Maybe somebody has a recommendation on a similar article, but on programming sound? Somehow there's much less material on working with sound (especially low-level details about low-latency realtime sound effects) than on working with images.
Programming sound is hard. Real-time stuff is almost always coded in C or C++ because it needs to be performant and latency is always a consideration. One dropped sample can be heard and you can't afford to delay because things need to feel responsive if they are real-time. There are lots of interesting projects out there but there is also a wealth of creative coding in the area, especially in environments like Max/MSP, PureData who are creating algorithms from scratch inside and possibly porting them out to other code bases. One good project is [1] which is aimed at making C++ coding for audio easier and more accessible. The focus is quite wide and aims at webaudio, VST, faust code etc.
I've figured as much about performance, somehow while working with video I rarely reach for C++ lately, the firm realtime nature of sound makes performance harder than video even though the bitrate is orders of magnitude lower. Thanks for the link, will be looking at that and PortAudio.
IO depends on your target environment. Targets include Webaudio, VSTs, mobile, and frameworks like PortAudio.
Some environments include some packaged DSP algos. E.g. webaudio and Apple's audio frameworks both have useful "modules" you can hook together. Sound dev languages like Csound, SuperCollider, and PD are almost nothing but stock modules with some options to roll your own. Other environments like VSTs need custom DSP development, usually in C++.
Custom DSP is difficult and specialised, although you can get some way into it copy-pasting popular algos in a cookbook way without necessarily understanding how they work.
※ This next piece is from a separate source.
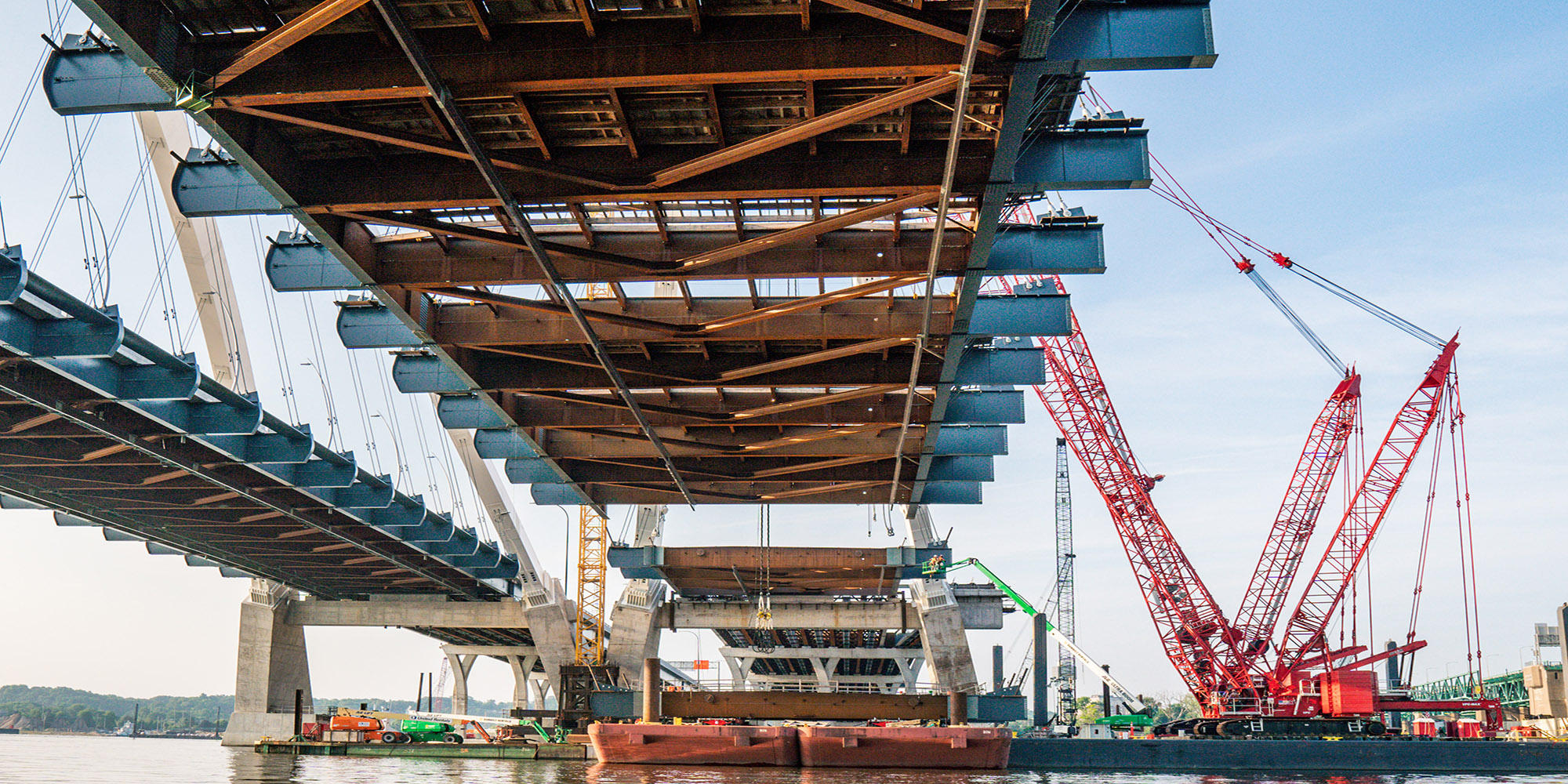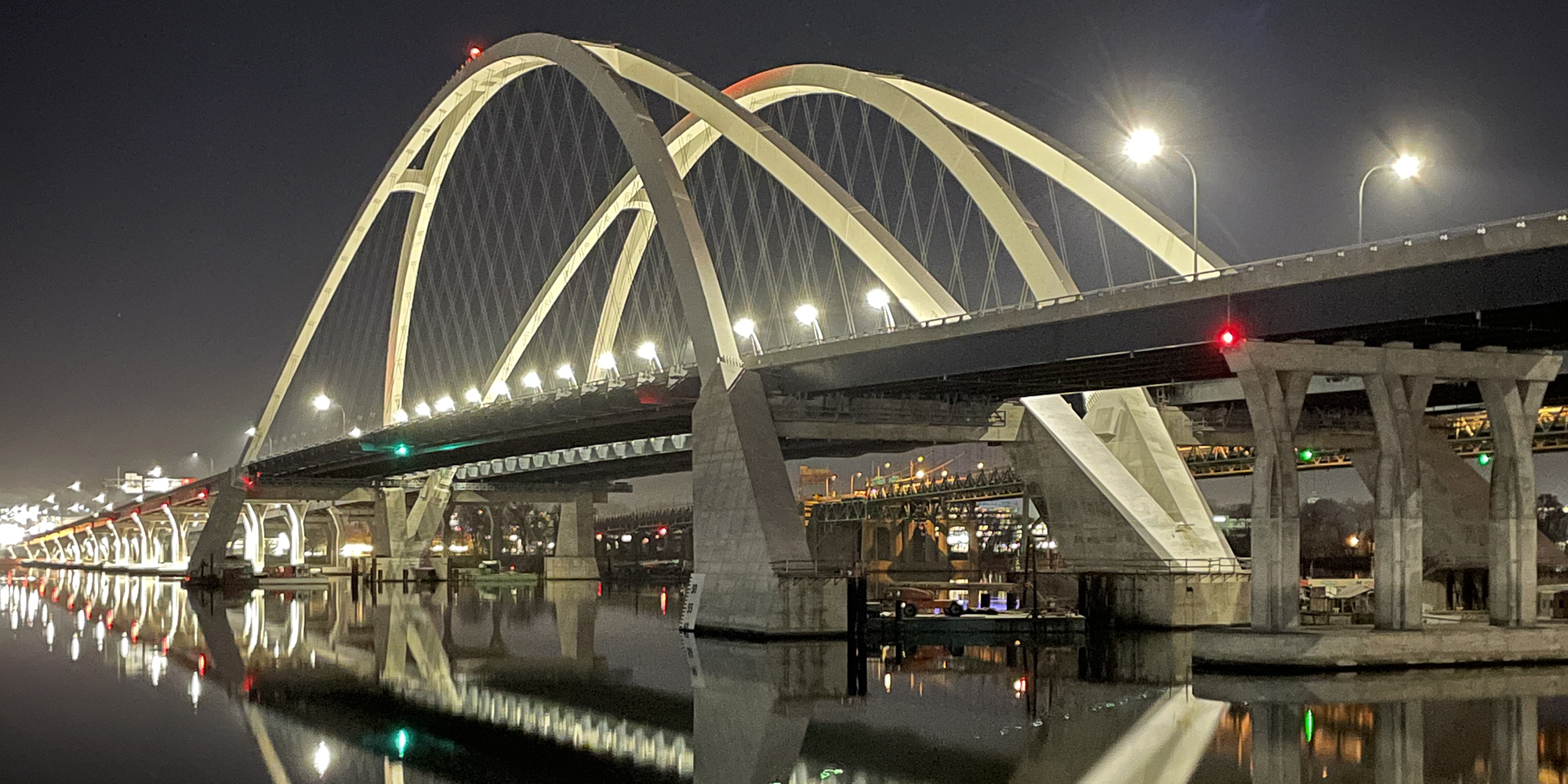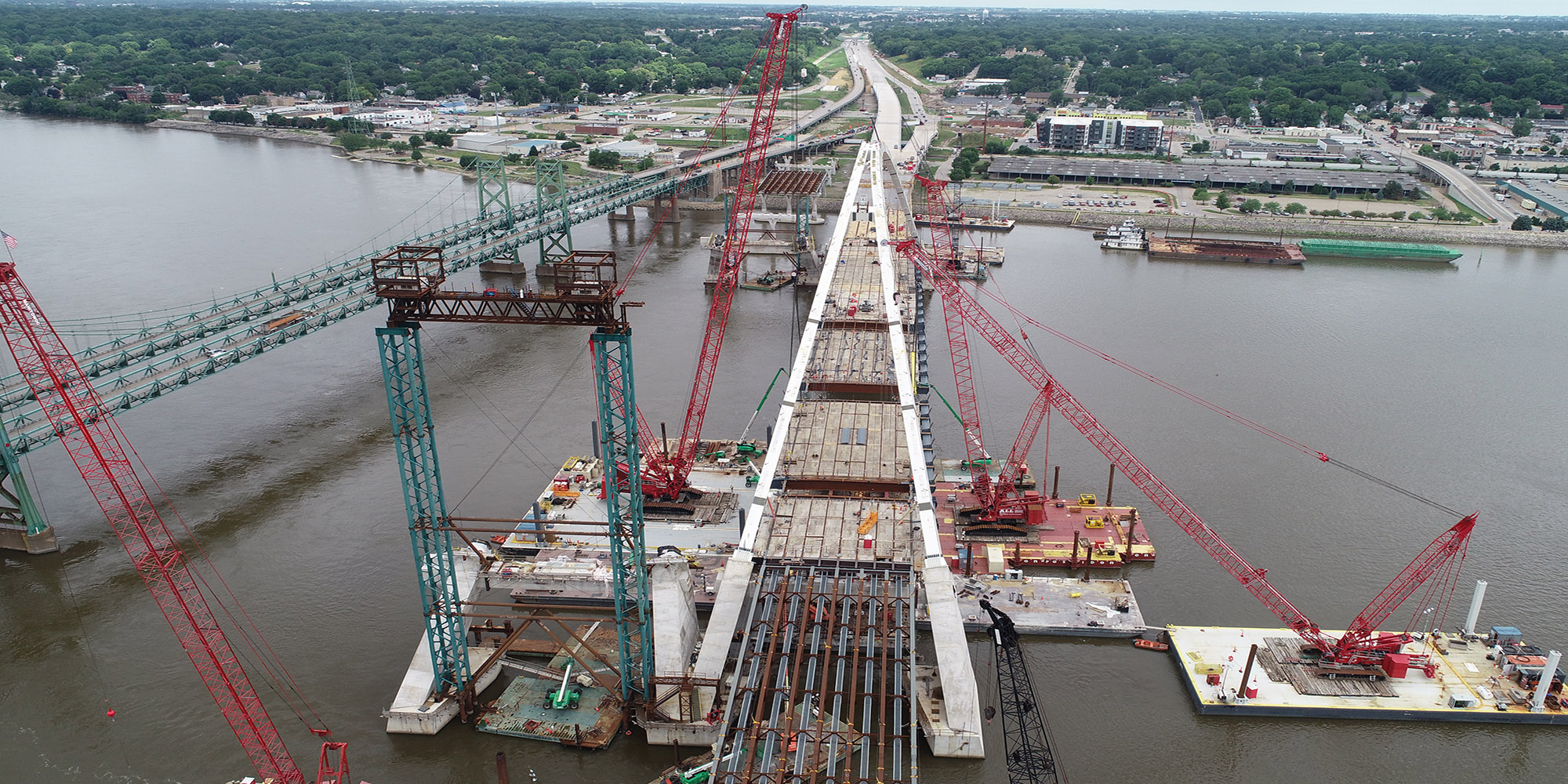 Part of a regional strategy for improving access across the Mississippi River in the Quad Cities, the I-74 Mississippi River Bridge project includes the replacement of the old I-74 over the Mississippi River. Lunda constructed two basket-handle true arches using a tower and stay system that is typically reserved for parallel arches to avoid obstructions to the busy navigational channel of the Mississippi River. The 800-foot basket handle arches are the longest basket handle true arches erected in the United States and one of very few erected in place. The bridge is more than twice as wide as the old bridge and includes a multi-use path on the bridge that will connect to paths in Bettendorf and Moline. The project also features roadway and aesthetic lighting on and underneath the bridge structures, and a scenic overlook with connections to added pedestrian and bike paths. The bridge is expected to carry 100,000 vehicles per day by the year 2035.

For the real thing you have to understand discrete time domain representations of various mathematical abstractions that describe signal generation (oscillators, sample players) and processing (filters, distortion, time-based effects like reverb.)
Trivial models can be fairly simple but sound very sterile. Non-trivial models sound more musical but are much harder to design.
As an example, here's a complete course in digital filter design.
There's a similar amount to learn about reverb design, complex oscillator models, and Fourier analysis and synthesis. Even basic sampling theory isn't completely trivial.
The founder, and sole developer of Mutable Instruments (a well known modular audio/synth maker) wrote about her recommendations on how to get started in audio programming here [0]. Much recommended for the cited books, and general/business advice on making a hardware audio product.
The reply like this is what I was hoping for! BTW, the actual forum thread (linked at your link) seems to exist only in the Google cache at [0], or am I missing something?
I saw that too after posting! Thanks for posting the link to the Google Cache. The book recommendations and suggested progression are really great — Mutable / Émilie is awesome in all kinds of ways..!
I would look at some of the repro arcade emulation code bases and game sound programming as those area's will cover many aspects of your requirements.